■ **WORK REQUIRED**
From the material below, copy exactly the lines beginning with the one that contains "64. 64. ©SílviaMachado2016" and ending with the one that contains "clasp) / Copy/Mod/NoTrans"; the pictures stay out.

■ **MATERIALS PROVIDED**
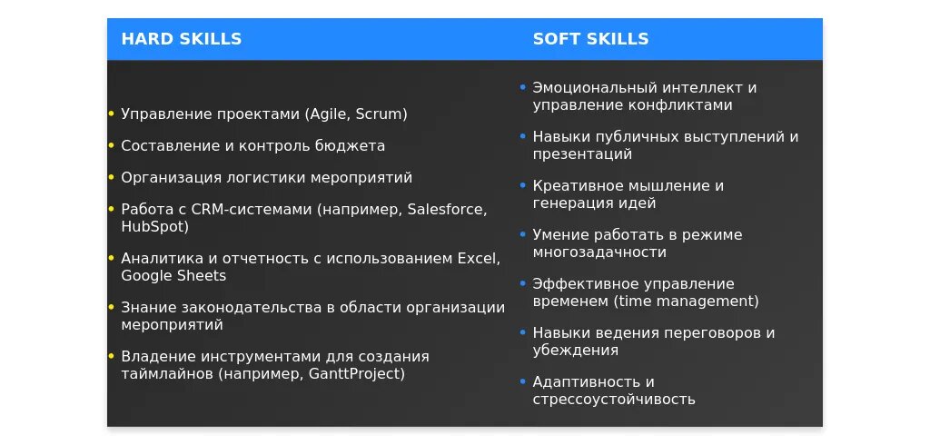 Пример 2: "Организация корпоративных мероприятий". Обязательное требование — опыт в организации мероприятий, а скрытое — креативность и умение работать в команде.
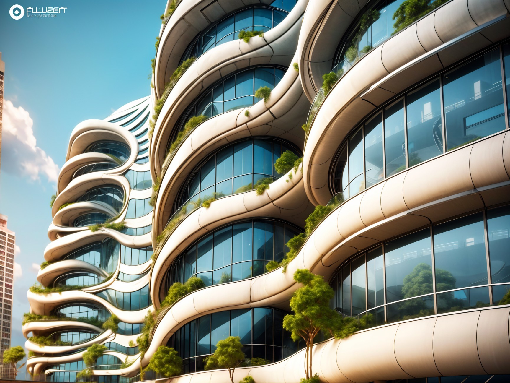 A futuristic building features a flowing, organic design with smooth curves and large glass windows. Green plants are integrated into the facade, creating a blend of nature and modern architecture.
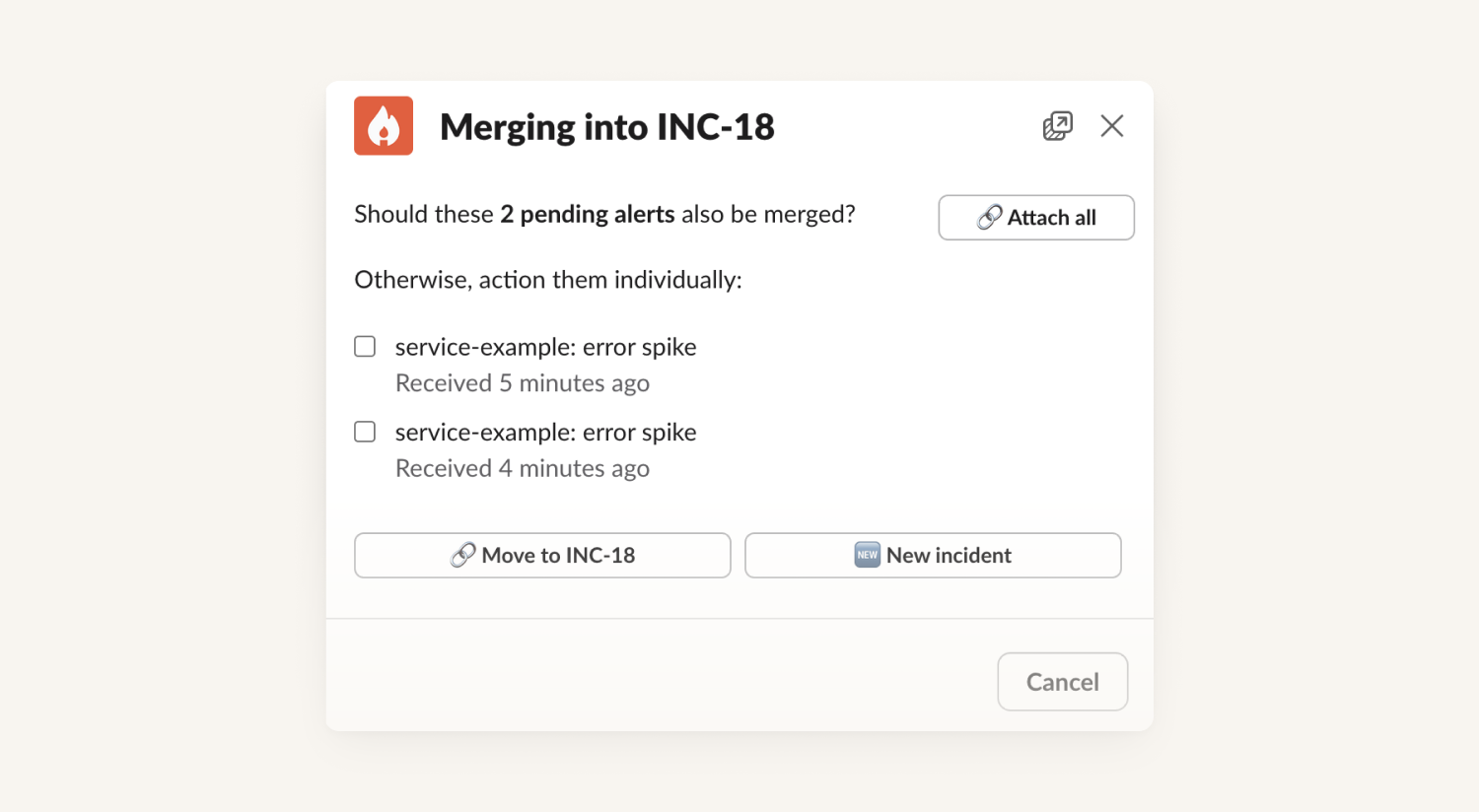 Now, as part of merging, we'll ask what you want to do with these existing alerts, giving you the option to include them into the merged incident. We've also added a handy "Attach all" button, as previously you had to click through each alert and mark it as related.
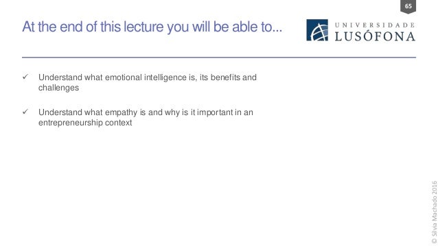 64. 64. ©SílviaMachado2016 65 At the end of this lecture you will be able to...  Understand what emotional intelligence is, its benefits and challenges  Understand what empathy is and why is it important in an entrepreneurship context
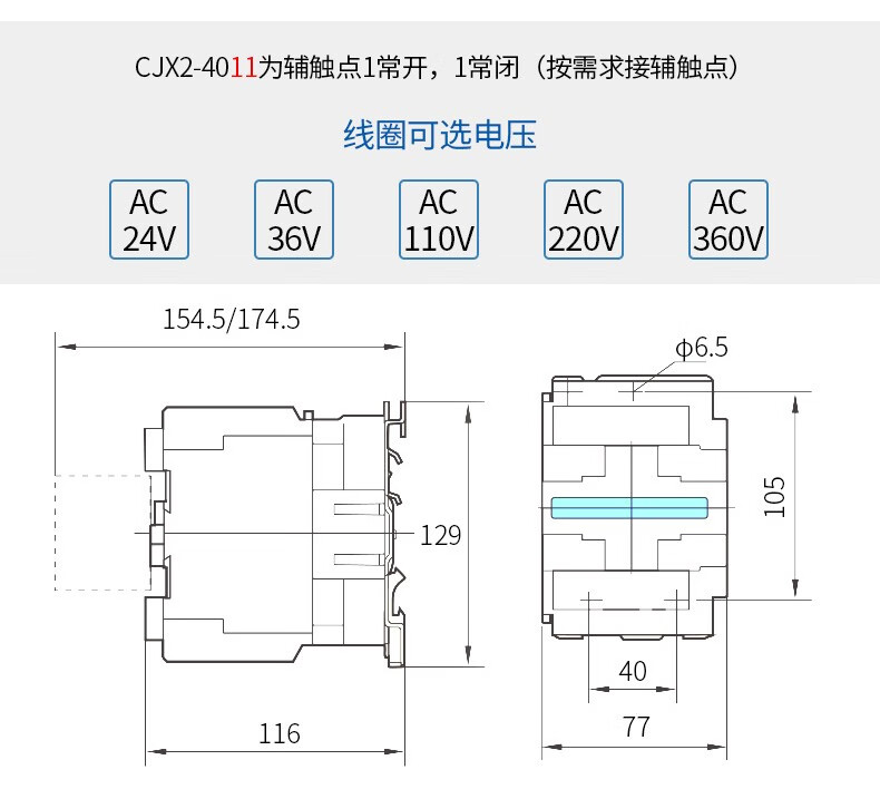 正泰(CHNT)接触器 正泰CJX2-4011交流接触器 接触式继电器 220V
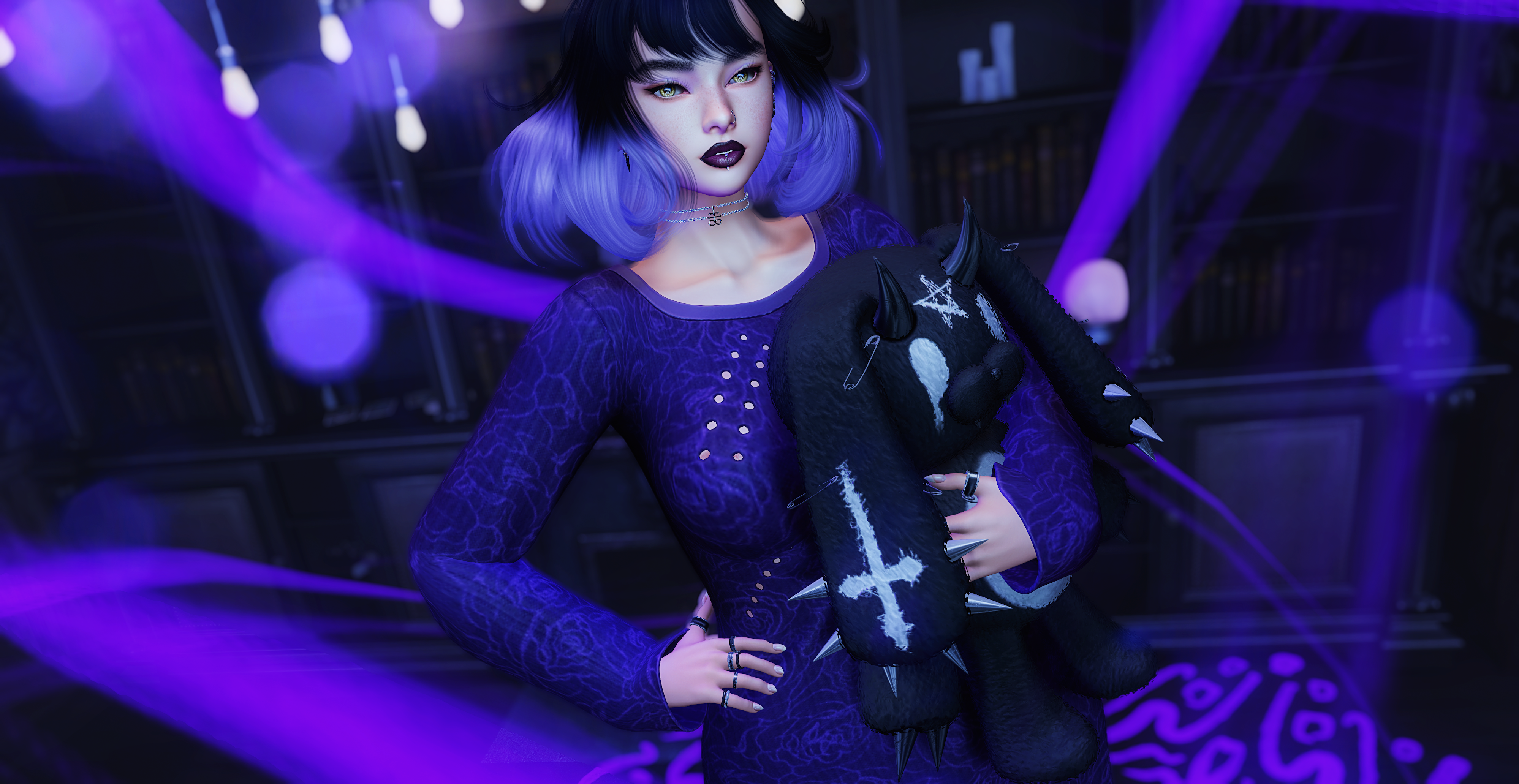 → Goth/Dark themed unrigged choker with resizer / Includes 3 versions (Peanut/RLV, Whim/RLV and unscripted) and HUD / Original mesh and textures / Materials enabled / Fatpack only! / HUD features 9 metals for 4 faces (chain top, chain botom, cross and rear clasp) / Copy/Mod/NoTrans
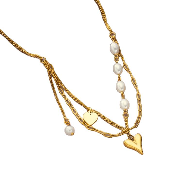 OEM Collier En Forme De Coeur Double Couche Portant Collier Personnel En Acier Inoxydable Perle Coeur

■ **RESULT BELOW**
 64. 64. ©SílviaMachado2016 65 At the end of this lecture you will be able to...  Understand what emotional intelligence is, its benefits and challenges  Understand what empathy is and why is it important in an entrepreneurship context
 正泰(CHNT)接触器 正泰CJX2-4011交流接触器 接触式继电器 220V
 → Goth/Dark themed unrigged choker with resizer / Includes 3 versions (Peanut/RLV, Whim/RLV and unscripted) and HUD / Original mesh and textures / Materials enabled / Fatpack only! / HUD features 9 metals for 4 faces (chain top, chain botom, cross and rear clasp) / Copy/Mod/NoTrans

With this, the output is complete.